Andrea, ma quando eri studente..la pasta col tonno?

La pasta col tonno ci sta bene sempre, a maggior ragione quando torni a casa la sera tardi da lavoro, perfetta.

Pare che tu sia il campione della carbonara. Vero che nemmeno a Roma la fanno così?

La mia gavetta l’ho fatta da Gualtiero Marchesi, quindi con un certo tipo di porzioni. Da quando sono andato alla Prova del Cuoco è nato un nuovo amore, cioè questi piatti popolari, dove non esiste impiattamento. La carbonara appartiene a tutti, quindi ho sviluppato un modo di farla che sia facile, divertente e soprattutto semplice da replicare a casa.

Tua figlia ti aiuta in cucina?

Sì, quando sono a casa ci divertiamo a preparare le lasagne insieme, crea davvero convivio. E questo fa sempre la differenza. Le lasagne poi sono uno di quei piatti che io associo alla domenica, a quelle tavolate da almeno 10 persone.

Con La Prova del Cuoco sei diventato quello che sei ora. Quel è il ricordo più bello?

Il debito – umano e professionale – che ho verso Antonella Clerici è immenso, come anche verso Anna Moroni. Io non sarei qui se non avessi iniziato a La Prova del Cuoco, ormai 9 anni fa. Il primo amore non si scorda mai. Ricordo ancora la prima puntata: eravamo in sfida io e Suor Stella. Per animare la puntata mi chiesero di farle un cocktail analcolico. Solo che lo feci con rum e Coca Cola: per 10 giorni non è venuta in trasmissione.

Ma da dove viene la tua passione per la cucina?

Mia mamma collezionava in questi enormi scaffali La Cucina Italiana, la prima rivista di cucina con splendide fotografie. Ricordo questo numero speciale, con la foto di questo cuoco in divisa bianca, con un cappello altissimo. E pensai: “io un giorno lavorerò per lui”. Lui era Gualtiero Marchesi. Finita la scuola, invece di andare in vacanza, mi presentai col curriculum a L’Albereta del Maestro Marchesi, dove mi “accolse” Andrea Berton, che peraltro è proprio di San Daniele. Feci tre mesi in prova, poi mi presero. Ricordo che Marchesi era golosissimo di mozzarelle. Di quell’esperienza ricordo la precisione e il rigore maniacale, non si poteva entrare in cucina se non con barba fatta e camicia stirata. Se la cucina italiana è quello che è lo dobbiamo interamente a lui: ha preso i piatti delle nostre case, li ha resi raffinati ed eleganti.

Ci sono ricordi brutti che associ al cibo?

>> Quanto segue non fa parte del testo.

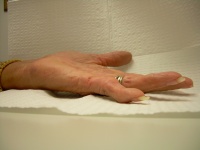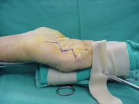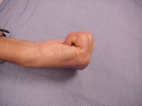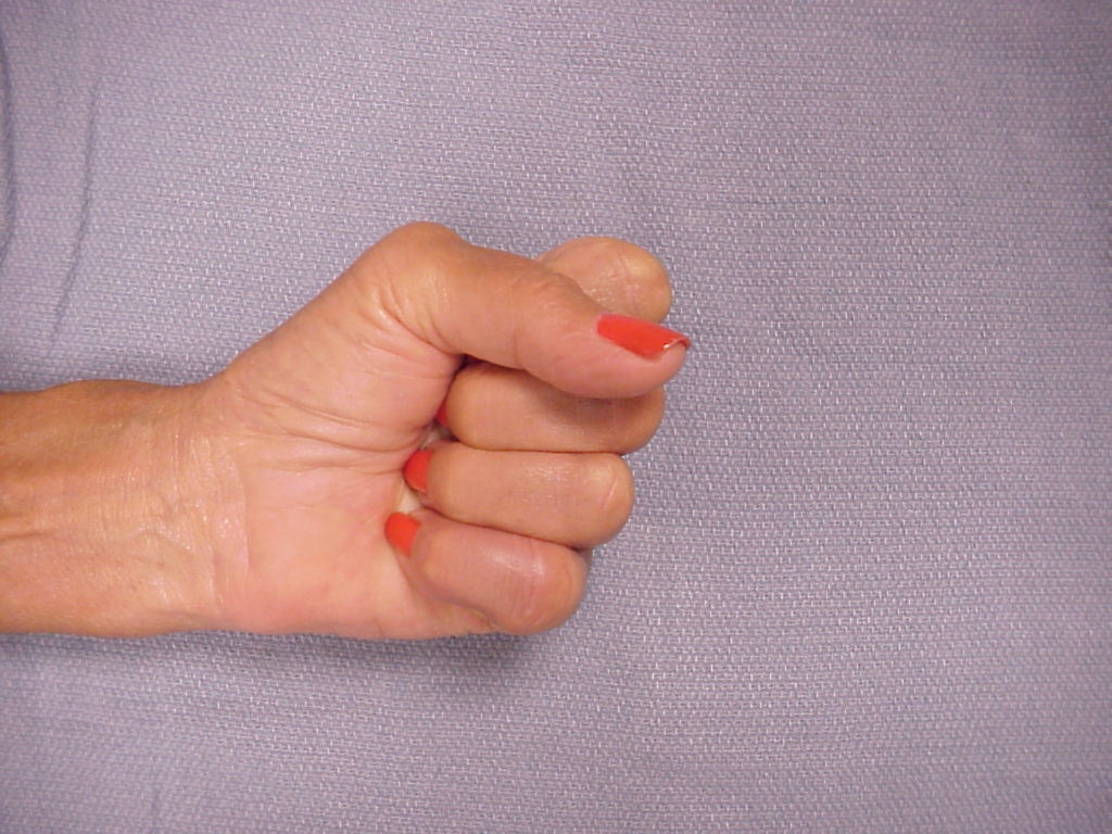 | Range of motion five years postop: soft snapping, loss of full PIP flexion, rubbery DIP flexion contracture. Palmar prominence of the proximal phalanx head due to hyperextension may be confused with a Dupuytren's nodule: |

Due. Sono due episodi per i quali il termine schifo è bocconiano. La prima: ero l’ultimo arrivato nella cucina di Gualtiero Marchesi. Come potete immaginare, gli scherzi si sprecano. Così mi diedero da mangiare un pezzettino di carne cruda. Lo sapete che parte è il rognone, no? Ecco, era rognone crudo.

Il secondo episodio accadde in Sardegna. Facevo la stagione in una pasticceria, mi capitò di sgusciare un uovo marcio, che era totalmente nero. Un qualcosa che non auguro nemmeno al mio peggior nemico.

Da Marchesi al Grande Fratello. Com’è stato il passaggio?

Mangiare, una tragedia. Ci davano 10€ la settimana a testa, significa mangiare con poco più di un euro al giorno: impossibile. Dovevo pensare a qualcosa che avesse grossa resa. Sapete cosa ci ha salvato? lenticchie.  Ho cucinato 77kg di lenticchie in 77 giorni.

Cosa ne pensi di future ricette a base di insetti?

Sai, siamo italiani. Per noi è difficile, siamo abitudinari e spostarci su qualcos’altro è difficile. Magari per i giovani è già un po’ diverso, vedi il sushi. Gli insetti li ho assaggiati fritti – ma fritto è buono anche il cartone. Ho anche cucinato piatti esotici, penso al coccodrillo. Però non facendo parte del nostro gusto difficilmente i nostri piatti cambieranno. Noi siamo fatti così.

Nuovi progetti?

Ora su Italia1 sto facendo Cotto e Mangiato. Poi, assieme a mia moglie e il mio migliore amico, abbiamo aperto una bakery. Facendo il ristoratore ho dedicato tutta la mia vita a fare orari assurdi, quindi avevo bisogno di ridefinire un po’ i tempi del mio lavoro. Spostare un po’ l’asse del mio lavoro è proprio finalizzato a questo, avere orari che mi permettano di stare di più con la mia famiglia.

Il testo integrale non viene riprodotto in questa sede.